- What you will do:
Keep every word of the listing and drop the images when you write it out.

- Collected data:
──────────────────────────────

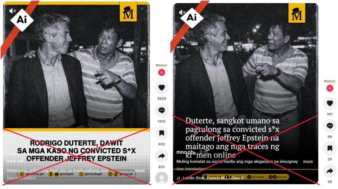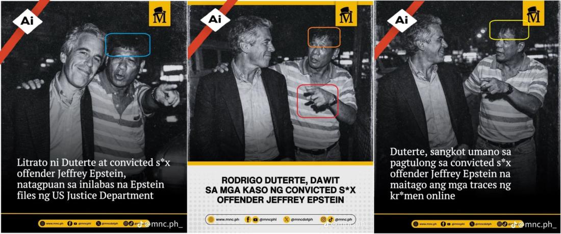 After the US government released millions of pages from files connected to Jeffrey Epstein, manipulated images of the convicted sex offender with former Philippine leader Rodrigo Duterte surfaced online. The circulating visuals were altered from an old Getty Images portrait of Epstein and US President Donald Trump, and bear errors that indicate they were created using AI.
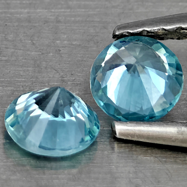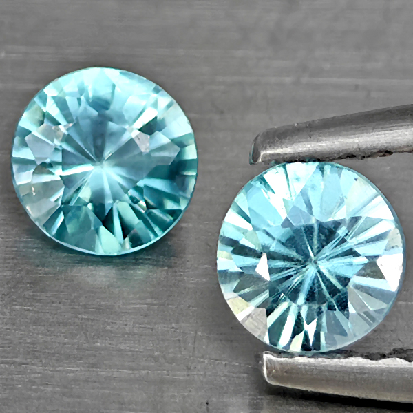 Natural Blue Zircon 0.97 Ct. 2 Pcs Round Diamond Cut 4.6 Mm Gemstone from Cambodia
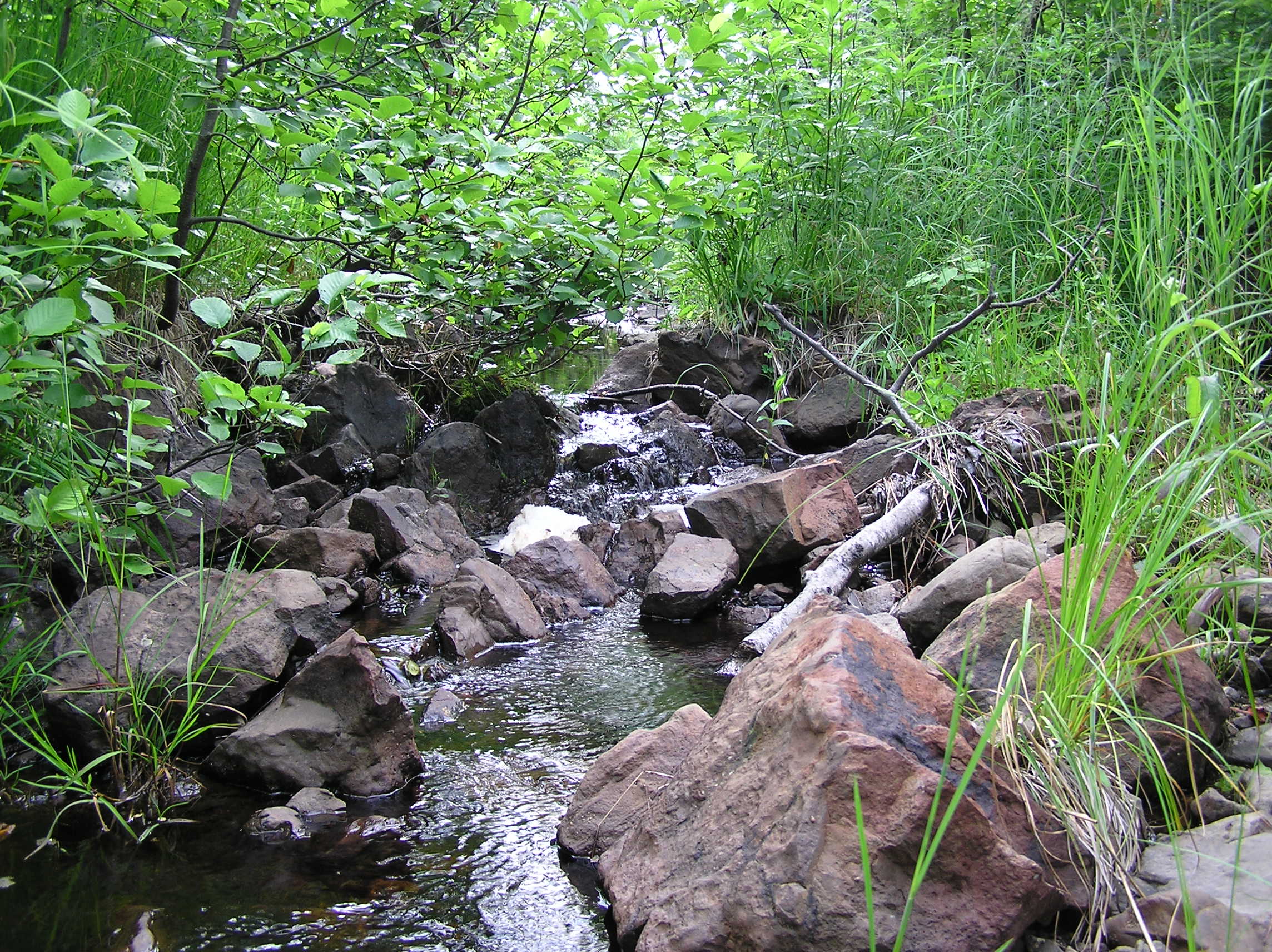 A good view of why following the creek was so difficult near the lake. The vegetation was literally overgrowing over the creek - still a lot of water was flowing. |
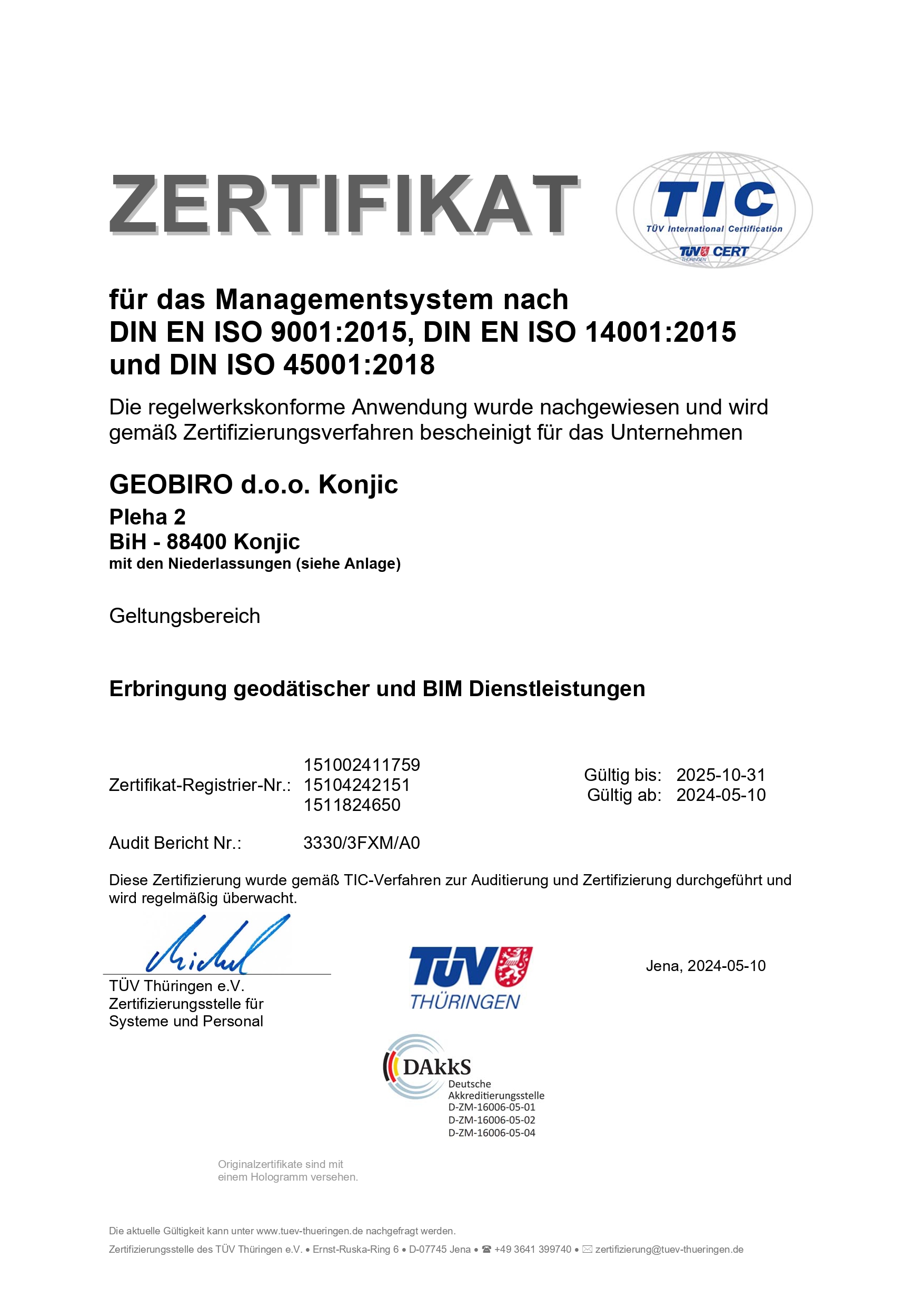 Neben den Bedingungen, die wir zur Zertifizierung für geodätische Arbeiten erfüllt haben, verfügen wir über geeignete technische Mittel und Geräte, um geodätische Arbeiten durchzuführen. Die Zertifizierung ist von unabhängigen geodätischen Geschäftsleuten durchgeführt worden. Das Zertifikat ist von der Federal-Geodätischen Verwaltung ausgestellt.

──────────────────────────────

- Written response:
 After the US government released millions of pages from files connected to Jeffrey Epstein, manipulated images of the convicted sex offender with former Philippine leader Rodrigo Duterte surfaced online. The circulating visuals were altered from an old Getty Images portrait of Epstein and US President Donald Trump, and bear errors that indicate they were created using AI.
 Natural Blue Zircon 0.97 Ct. 2 Pcs Round Diamond Cut 4.6 Mm Gemstone from Cambodia
 A good view of why following the creek was so difficult near the lake. The vegetation was literally overgrowing over the creek - still a lot of water was flowing. |
 Neben den Bedingungen, die wir zur Zertifizierung für geodätische Arbeiten erfüllt haben, verfügen wir über geeignete technische Mittel und Geräte, um geodätische Arbeiten durchzuführen. Die Zertifizierung ist von unabhängigen geodätischen Geschäftsleuten durchgeführt worden. Das Zertifikat ist von der Federal-Geodätischen Verwaltung ausgestellt.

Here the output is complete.